_What to produce_:
Search the data for the word "display". Reproduce every line where it is found.

_Record set_:
====

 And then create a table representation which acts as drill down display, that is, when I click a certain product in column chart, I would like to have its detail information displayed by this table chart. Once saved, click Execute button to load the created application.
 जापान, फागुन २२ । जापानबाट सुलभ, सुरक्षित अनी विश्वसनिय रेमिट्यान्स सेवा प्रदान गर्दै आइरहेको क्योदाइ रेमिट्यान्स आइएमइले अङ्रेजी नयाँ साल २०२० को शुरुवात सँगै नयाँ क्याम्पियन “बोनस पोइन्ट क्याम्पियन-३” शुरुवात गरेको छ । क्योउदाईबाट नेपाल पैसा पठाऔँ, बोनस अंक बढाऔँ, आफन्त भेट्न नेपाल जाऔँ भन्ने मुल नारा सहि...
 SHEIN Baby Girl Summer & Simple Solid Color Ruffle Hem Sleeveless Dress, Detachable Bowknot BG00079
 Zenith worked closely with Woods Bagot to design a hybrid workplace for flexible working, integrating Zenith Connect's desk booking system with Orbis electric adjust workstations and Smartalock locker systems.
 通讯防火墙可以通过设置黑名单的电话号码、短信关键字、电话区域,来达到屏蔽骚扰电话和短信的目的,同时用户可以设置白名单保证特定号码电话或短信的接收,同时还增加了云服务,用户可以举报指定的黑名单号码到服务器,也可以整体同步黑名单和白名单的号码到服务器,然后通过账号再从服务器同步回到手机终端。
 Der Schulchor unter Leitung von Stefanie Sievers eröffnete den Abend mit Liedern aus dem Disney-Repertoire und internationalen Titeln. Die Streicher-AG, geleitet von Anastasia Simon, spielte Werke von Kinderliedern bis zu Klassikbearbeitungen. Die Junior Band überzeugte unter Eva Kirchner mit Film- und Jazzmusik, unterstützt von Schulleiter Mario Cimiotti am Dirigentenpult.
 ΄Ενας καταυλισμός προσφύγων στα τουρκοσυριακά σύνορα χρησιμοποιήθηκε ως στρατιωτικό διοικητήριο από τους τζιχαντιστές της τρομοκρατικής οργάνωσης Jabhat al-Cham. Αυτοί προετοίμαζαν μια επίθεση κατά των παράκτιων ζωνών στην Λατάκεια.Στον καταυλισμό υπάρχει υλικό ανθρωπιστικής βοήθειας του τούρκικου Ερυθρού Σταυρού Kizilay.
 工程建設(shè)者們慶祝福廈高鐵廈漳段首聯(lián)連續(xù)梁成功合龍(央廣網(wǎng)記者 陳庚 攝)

====

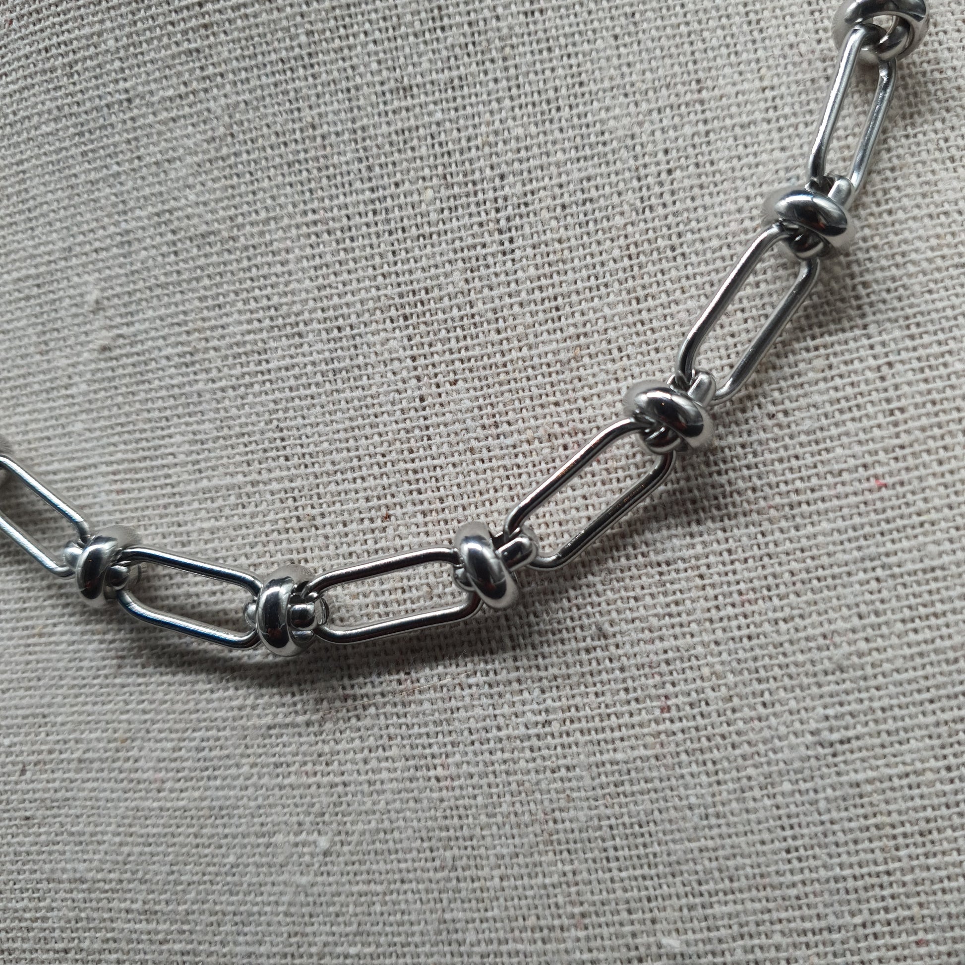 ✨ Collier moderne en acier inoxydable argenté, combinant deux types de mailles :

====

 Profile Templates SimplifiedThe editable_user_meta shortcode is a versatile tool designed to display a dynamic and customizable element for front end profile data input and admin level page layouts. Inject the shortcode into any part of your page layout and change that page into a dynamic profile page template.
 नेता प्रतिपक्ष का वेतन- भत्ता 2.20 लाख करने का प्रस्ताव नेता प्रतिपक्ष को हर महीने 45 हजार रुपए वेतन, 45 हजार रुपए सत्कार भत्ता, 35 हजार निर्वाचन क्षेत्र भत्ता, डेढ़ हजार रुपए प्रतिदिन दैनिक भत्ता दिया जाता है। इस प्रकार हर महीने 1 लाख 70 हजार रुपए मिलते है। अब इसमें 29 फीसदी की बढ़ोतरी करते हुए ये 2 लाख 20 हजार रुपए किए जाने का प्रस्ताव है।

====

_Result of this exercise_:
 And then create a table representation which acts as drill down display, that is, when I click a certain product in column chart, I would like to have its detail information displayed by this table chart. Once saved, click Execute button to load the created application.
 Profile Templates SimplifiedThe editable_user_meta shortcode is a versatile tool designed to display a dynamic and customizable element for front end profile data input and admin level page layouts. Inject the shortcode into any part of your page layout and change that page into a dynamic profile page template.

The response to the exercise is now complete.